Hazel

61 2 0
                                    

During the third attack, I almost eat a boulder. I'm peering into the fog, wondering how it can be so difficult to fly across a mountain range, when the ship's alarm bell sounds. 

"Hard to port!" Nico yells from the foremast of the flying ship.

Back at the helm, Leo yanks the wheel, and Calli pulls a lever. the Argo II veers left, its aerial oars slashing through the clouds like rows of knives. 

I make the mistake of looking over the rail. A dark spherical shape hurtles toward me. I think: Why is the moon coming at us? Then I yelp and hit the deck. The huge rock passes so close overhead it blows the hair out of my face. 

CRACK!

The foremast collapses. The sail, spars, and Nico all crash to the deck. The boulder, roughly the size of a pickup truck, tumbles off into the fog like it has important business elsewhere. 

"Nico!" I scramble over to him as Leo and Calli bring the ship level. 

"I'm fine." Nico mutters, kicking folds of canvas off of his legs. 

I help him up and we stumble to the bow. I peek over more carefully this time. The clouds part just long enough to reveal the top of the mountain below us: a spearhead of black rock jutting from the mossy green slopes. Standing at the summit is a mountain god, one of the numina montanum, Jason calls them. Or ourae, in Greek. Whatever we call them, they're nasty.

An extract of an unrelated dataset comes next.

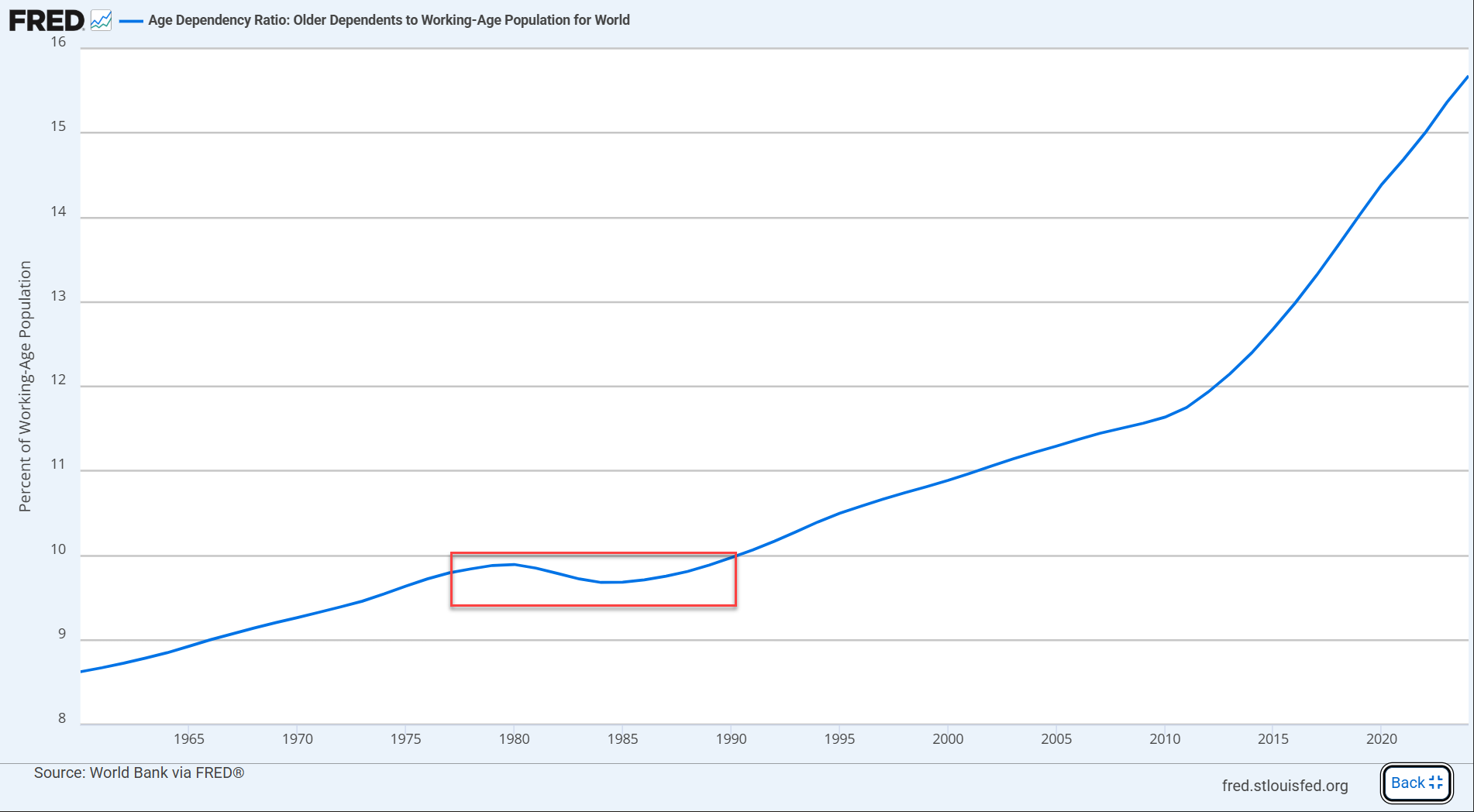 Beginning around 1990, the US’s age dependency ratio line started moving higher and has recently increased upside velocity. Given that increase we should expect to see lower labor force participation and lower productivity.
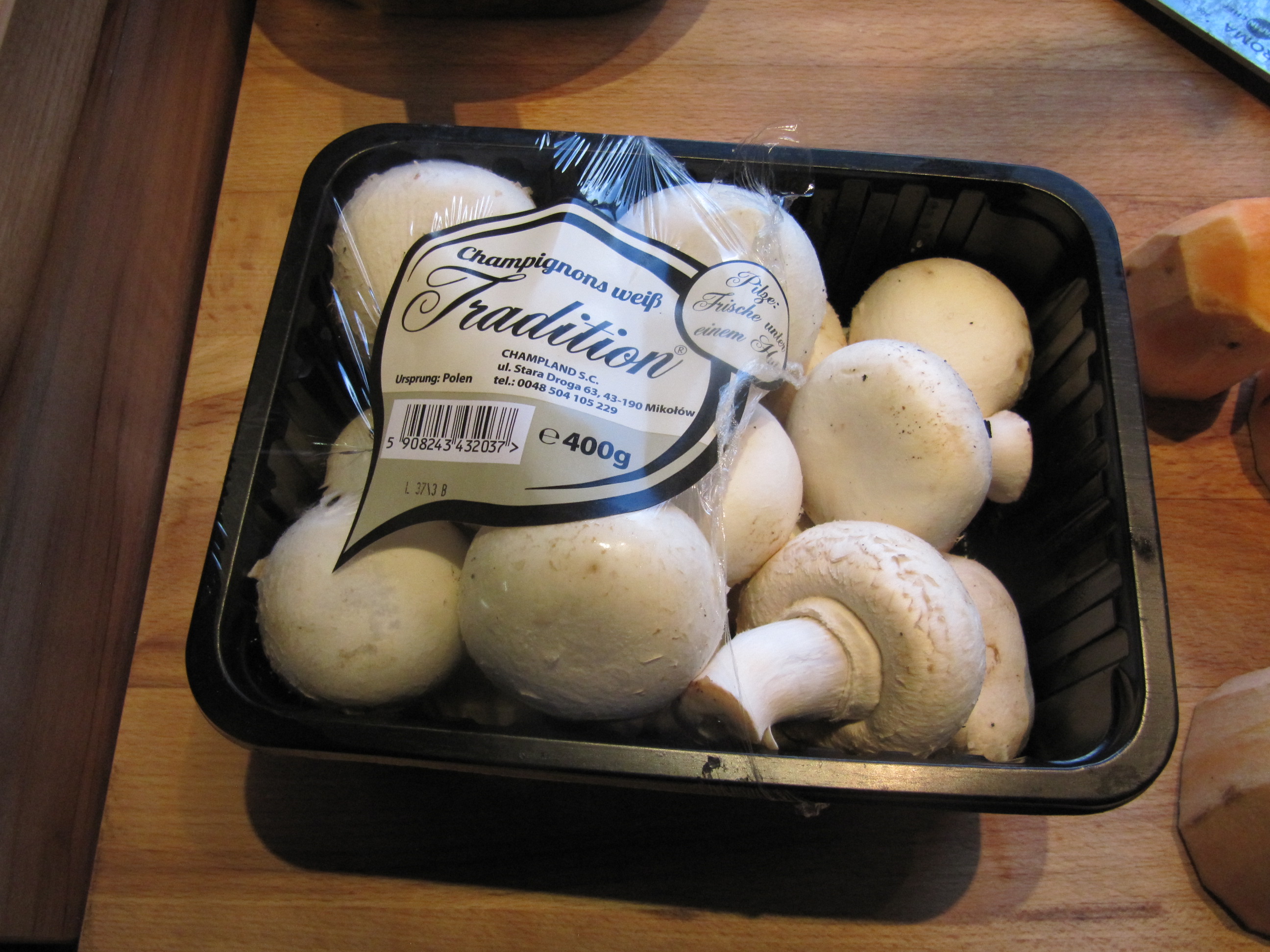 1 Pkg. Champignons, Stiele entfernen und Hut wegen Standvermögen flach anschneiden, in eine, mit 4 TL Rapsöl eingefettete, Pfanne stellen.

Like the others we've faced, this one wears a simple white tunic over skin as rough and dark as basalt, He's about twenty feet tall and extremely muscular, with a flowing white beard, scraggly hair, and a wild look in his eyes, like a crazy hermit, or like the look Calli has been getting ever since our friends fell into Tartarus. He bellows something I don't understand, but it obviously isn't very welcoming. With his bare hands, he pries another chunk of rock from his mountain and begins shaping it into a ball. 

The scene disappears in the fog, but when the mountain god bellows again, other numina answer in the distance, their voices echoing through the valleys. 

"Stupid rock gods!" Calli yells from the helm. 

"That's the third time I've had to replace the mast!" Leo agrees. "You'd think they grow on trees!"

Nico frowns. "Masts are from trees."

"That's not the point!" Leo scowls. 

Calli snatches up one of the controls, rigged from a Nintendo Wii stick, and spins it in a circle, that familiar crazy look flashing across her face. A few feet away, a trapdoor opens in the deck. A Celestial bronze cannon rises. I just have time to cover my ears before it discharges into the sky, spraying a dozen metal spheres that trail green fire. The spheres grow spikes in midair, like helicopter blades, and hurtle away into the fog. 

A moment later, a series of explosions crackles across the mountains, followed by the outraged roars of mountain gods. 

"Ha!" Calli yells. She and Leo high-five each other. 

Unfortunately, I guess, judging from out last two encounters, Leo and Calli's newest weapons have only annoyed the numina

Another boulder whistles through the air off to our starboard side. 

Nico yells, "Get us out of here!"

Leo and Calli mutter some unflattering comments about numina, but Leo turns the wheel. The engines hum. Magical rigging lashes itself tight, and the ship tacks to port. The Argo II picks up speed, retreating northwest, as we've been doing for the past two days.